Plakat Panjang secara langsung atau tidak berpengaruh juga terhadap kondisi psikologis golongan Paderi di Bonjol. Serangan Belanda bertambah gencar sehingga seluruh jalur menuju ke Bonjol mereka blokade. Tuanku Imam Bonjol dengan segala kekuatan dan bantuan Paderi daerah lain sebenarnya masih tetap bertahan.
Akan tetapi, karena Tuanku Nan Tinggi, yang tahu betul kekuatan dan kelemahan Paderi Bonjol, menyerah, akhirnya Benteng Bonjol jatuh ke tangan Belanda 16 Agustus 1837.
Jatuhnya Bonjol menyebabkan pusat perjuangan Paderi dipindahkan ke Daludalu (kini masuk Kabupaten Kampar, Riau, dekat perbatasan dengan Sumatera Barat) di bawah komando Tuanku Tambusai. Tetapi Daludalu pun dapat direbut Belanda pada tanggal 28 Desember 1838. Kemudian Gerakan Paderi di Kubung XIII, Solok, dapat pula ditaklukkan Belanda pada bulan April 1838.

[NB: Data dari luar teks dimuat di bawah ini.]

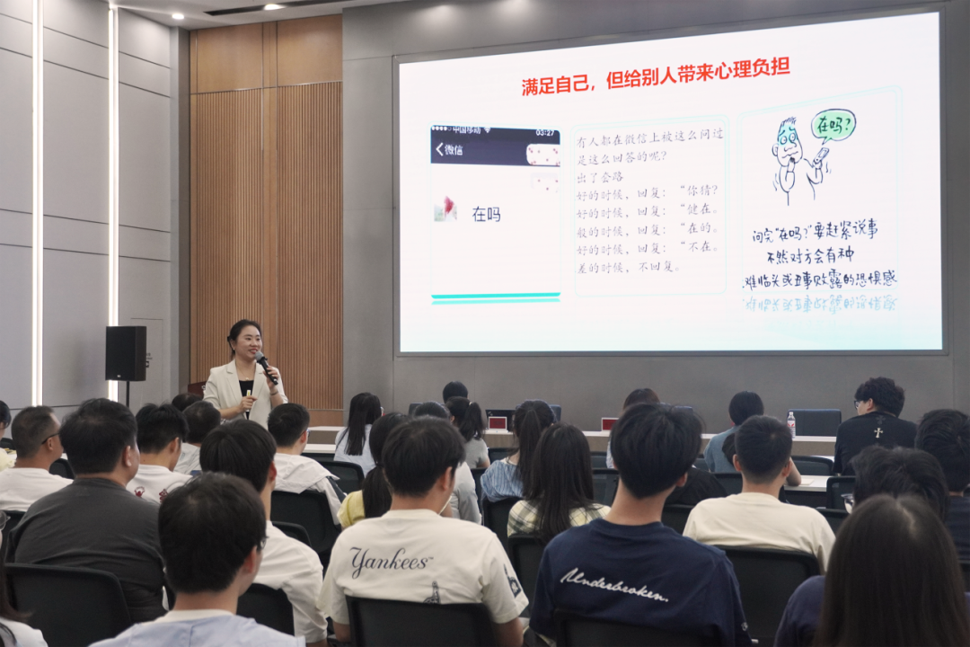 陳瑛老師的講座圍繞自我激勵(lì)、協(xié)同溝通、對(duì)外溝通、對(duì)上溝通四大維度展開。首先,陳瑛老師分別以工作場景和生活場景中的溝通對(duì)話與大家進(jìn)行互動(dòng),帶領(lǐng)大家對(duì)“高情商”進(jìn)行思考與剖析,由此展開當(dāng)天的主題。隨后,結(jié)合豐富的實(shí)戰(zhàn)案例與互動(dòng)環(huán)節(jié),陳瑛老師層層遞進(jìn),深入淺出地講解了如何在日常工作中實(shí)現(xiàn)高效溝通,激發(fā)自我驅(qū)動(dòng)力,提升團(tuán)隊(duì)協(xié)同效能。在長達(dá)2.5小時(shí)的課程中,陳瑛老師還結(jié)合商務(wù)禮儀的要點(diǎn),根據(jù)不同場景對(duì)溝通實(shí)操進(jìn)行了解析。并強(qiáng)調(diào),良好的溝通不僅是技巧,更是一種心態(tài)與習(xí)慣的培養(yǎng),也是實(shí)現(xiàn)個(gè)人與團(tuán)隊(duì)實(shí)現(xiàn)共同成長的重要途徑。

Akhirnya, pada 28 Oktober 1837 Tuanku Imam Bonjol yang tak tahan melihat penderitaan keluarganya bersedia berdamai dengan syarat ia tidak akan diasingkan dari tanah Minangkabau. Ia menemui komandan Belanda di Palupuh (di utara Bukittinggi). Dengan upacara kehormatan ia dibawa ke Padang.
Di sana kapal telah menantinya. Ia diasingkan ke Sukabumi (Jawa Barat) dan kemudian dibawa ke Manado (Sulawesi Utara). Ia wafat 12 Zulhijjah 1238 (1864) dan di-makamkan di Lutak, Manado.
Gerakan Paderi semula berhadapan dengan kaum Adat, tetapi kaum Paderi dan kaum Adat berhasil dipadukan dengan Piagam Muara Palam yang terkenal melahirkan pepatah “Adat basandi syarak, syarak basandi Kitabullah” dan “syarak mengata, adat memakai”. Maka sebuah ideologi-adat telah dirumuskan.
Agama Islam dijadikan sebagai landasan hakiki alam Minangkabau, sedangkan adat secara teoretis dijadikan penyalur akan terwujudnya landasan filosofi dalam kenyataan sosial dan kehidupan masyarakat.
Daftar Pustaka
Amran, Rusli. Sumatra Barat Hingga Plakat Panjang. Jakarta: Sinar Harapan, 1981.
Dobbin, Christine. Islamic Revivalism in Changing Peasant Economy: Central Sumatra 1784–1847. London: Curzon Press, 1983.
Graves, Elizabeth, E. The Minangkabau Respons to Ducth Colonial Rule in the Ninateenth Century. Ithaca: Cornell University, 1981.
HAMKA. Islam dan Adat Minangkabau. Jakarta: Panjimas, 1985.
Hollander, J.J., ed. Verhaal van den Aanvang der Paderi-Onlusten op Sumatra, Dari Hikayat Syekh Jalaluddin (Naskah Fakih Shaghir Alamiyah Tuanku Sami Syekh Jalaluddin Ahmad Koto Tuo Jua Adanya). Leiden: E.J. Brill, 1857.
Navis, A.A. Alam Terkembang Jadi Guru. Jakarta: Grafiti Press, 1984.
Radjab, Muhammad. Perang Paderi. Jakarta: Mutiara Sumber Widya, 1964.
Syamsuddin, Helius. Perang Paderi. Jakarta: Mutiara Sumber Widya, 1984.